Evaluate Postfix Expression Using Stack in DSA C - Time & Space Complexity

We analyze how the time needed to evaluate a postfix expression changes as the expression gets longer.

We want to know how the number of steps grows with the size of the expression.

Analyze the time complexity of the following code snippet.

int evaluatePostfix(char* expr) {
    Stack s;
    initStack(&s); // Initialize the stack before use
    for (int i = 0; expr[i] != '\0'; i++) {
        if (isdigit(expr[i])) {
            push(&s, expr[i] - '0');
        } else {
            int val2 = pop(&s);
            int val1 = pop(&s);
            push(&s, applyOp(val1, val2, expr[i]));
        }
    }
    return pop(&s);
}
    

This code evaluates a postfix expression by scanning each character once and using a stack to compute the result.
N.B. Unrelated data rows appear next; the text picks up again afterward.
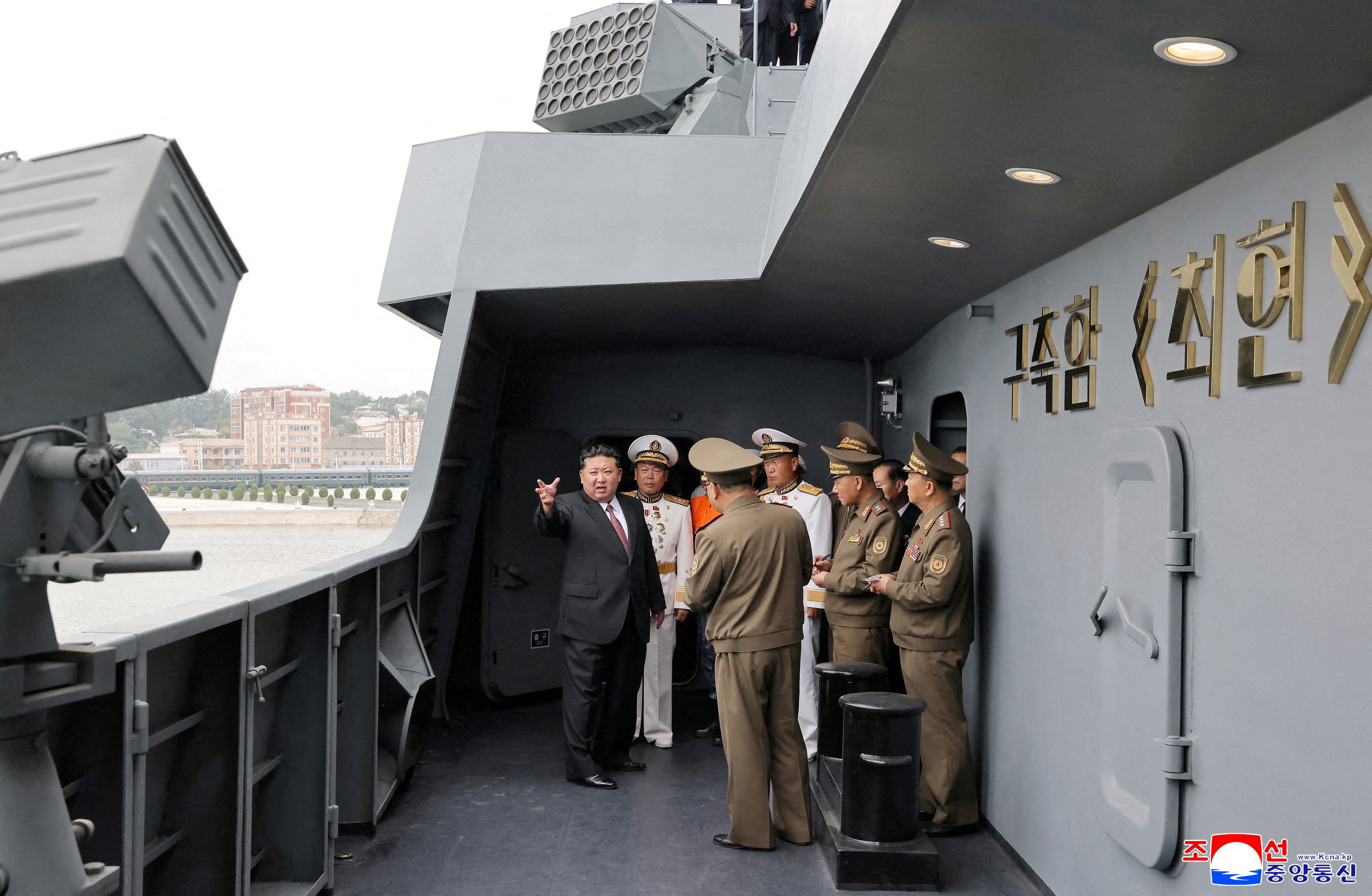 北韓朝中社報道,勞動黨總書記、國務委員長金正恩,昨日參觀武器裝備展覽會「國防發展2025」,登上海軍驅逐艦崔賢號參觀。
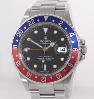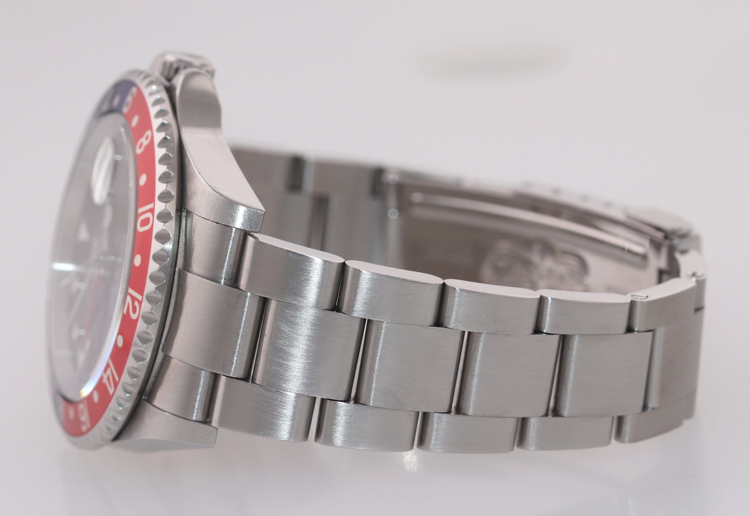UNPOLISHED Rolex GMT-Master II Pepsi Steel Blue 16710 40mm Error Stick Dial Watch
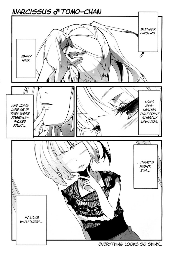 Tomo Fukuya loves taking pictures of himself while cross-dressing, and he's gained some notoriety among his schoolmates because of it. He participates in his school's beauty contest during the school festival against his friend Kei Okabe.
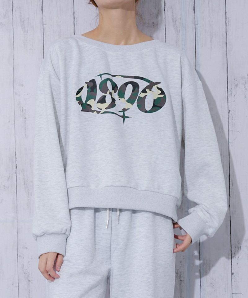 フロントに存在感抜群のカモフラ柄ラバープリントを施した、トレンド感たっぷりの裏毛クルーネックトップスです。
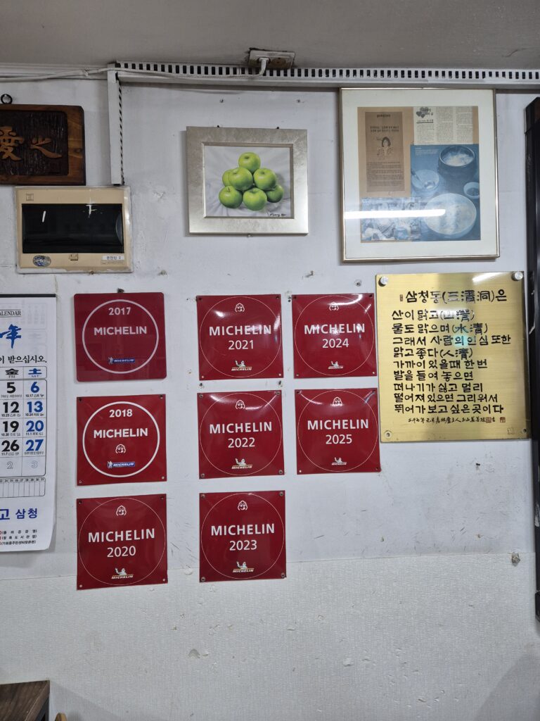 Even the best scenery is better on a full stomach! The highlight of this trip was definitely the food. After soaking in the energy of Gwangjang Market, I finally tried the famous Michelin Bib Gourmand-awarded Buchon Yukhoe. The freshness of the beef tartare, which practically melted in my mouth, was the highlight. Following that, I warmed up with Samcheong-dong Sujebi; the chewy dough and deep broth proved exactly why people wait in such long lines.
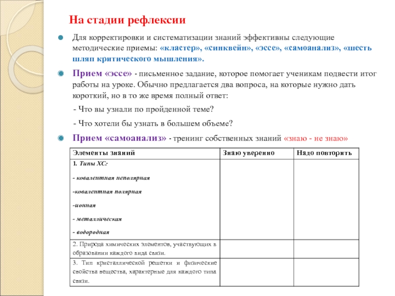 Прием «самоанализ» - тренинг собственных знаний «знаю - не знаю»
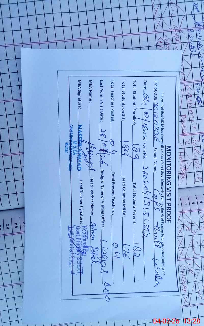 | EMIS Code: 36120336 | Name of School: GPS THULL WALA NO.1 SHUJABAD | |||
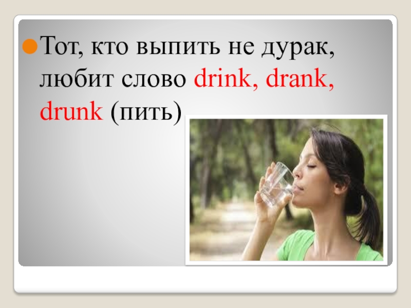 Слайд 14Тот, кто выпить не дурак, любит слово drink, drank, drunk (пить)
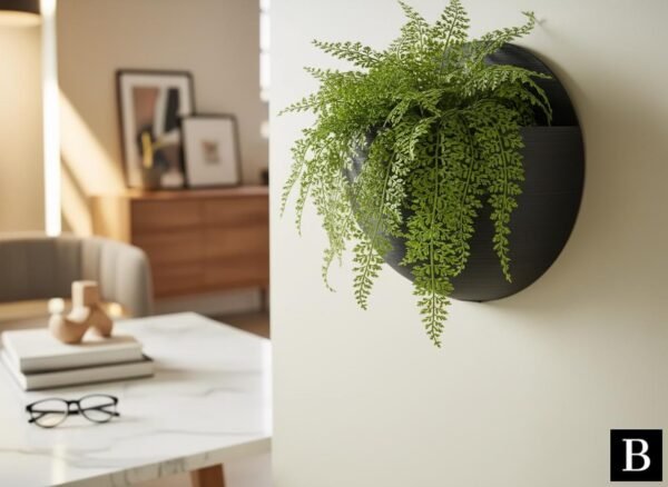 This wall-mounted ball plant pot, inspired by modern stealth design, offers a sleek and minimalist way to display your plants. It’s easily attachable to any wall, adding a contemporary and artistic touch to your living space.
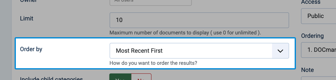 You can create a list of newest or last added documents by select the appropriate value in the Order by parameter:
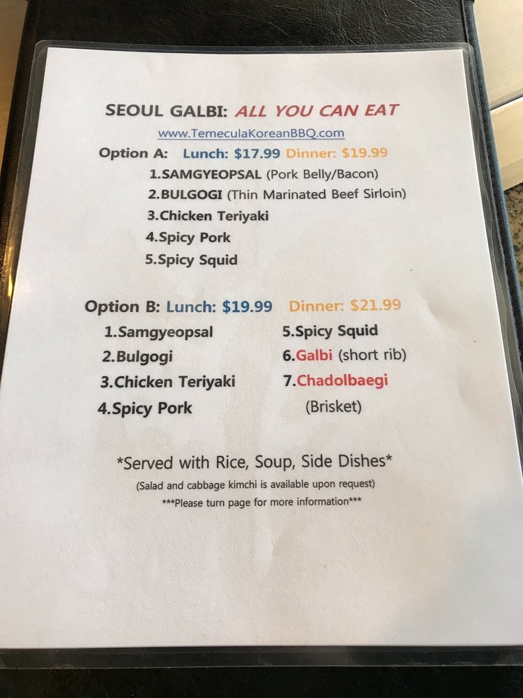 Seoul Galbi is a casual Korean BBQ spot in Temecula, CA known for its top-notch service and delicious dishes. The menu includes staple favorites like short ribs and the owner's mother's special potato recipe. Customers rave about the warm hospitality and generous portions. Highlights include the must-try short ribs, which are easy to cook and bursting with sweet and salty flavors. The owners and staff go above and beyond to make diners feel welcome and satisfied. Seoul Galbi is praised for being the best Korean BBQ joint in the area, with patrons coming back for more each time. Don't miss out on the budget-friendly prices, friendly atmosphere, and memorable dining experiences at Seoul Galbi.
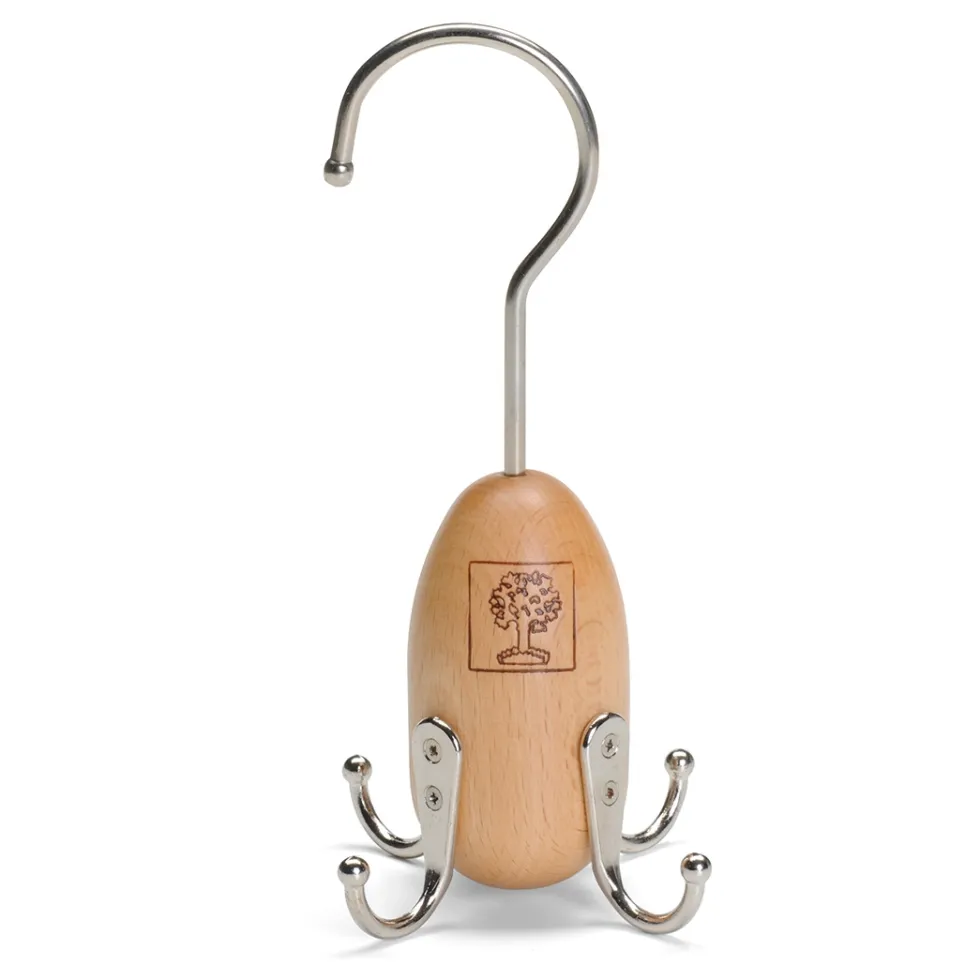 Il portacinture in legno Giorgio di Foppapedretti ha un gancio per essere appeso negli armadi e 4 ganci cromati per appendere le cinture.
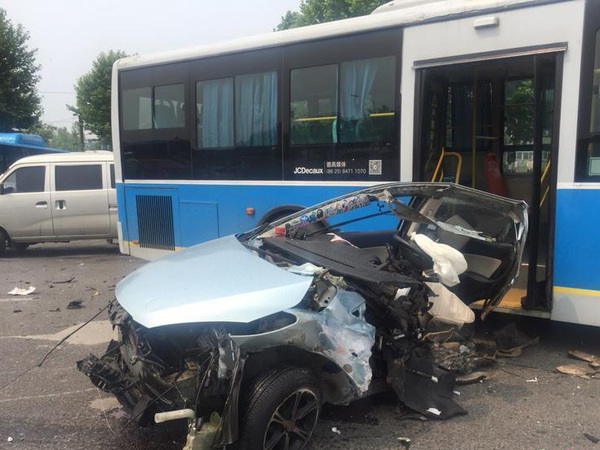 现场:车辆失控连环撞 奥迪起火燃烧司机身亡

Identify the loops, recursion, array traversals that repeat.

• Primary operation: Single loop scanning each character in the expression once.
• How many times: Exactly once per character in the input expression.

Each character is processed once, so the total steps grow directly with expression length.

Input Size (n)	Approx. Operations
10	About 10 steps
100	About 100 steps
1000	About 1000 steps

Pattern observation: The work grows linearly as the expression gets longer.

Time Complexity: O(n)

This means the time to evaluate grows in direct proportion to the length of the postfix expression.

[X] Wrong: "Because of the stack operations, the time complexity is more than linear, maybe quadratic."

[OK] Correct: Each character is pushed or popped at most once, so stack operations add only constant work per character, keeping the total time linear.

Understanding this linear time complexity shows you can analyze how simple data structures like stacks help solve problems efficiently, a key skill in interviews.

"What if the expression included multi-digit numbers separated by spaces? How would the time complexity change?"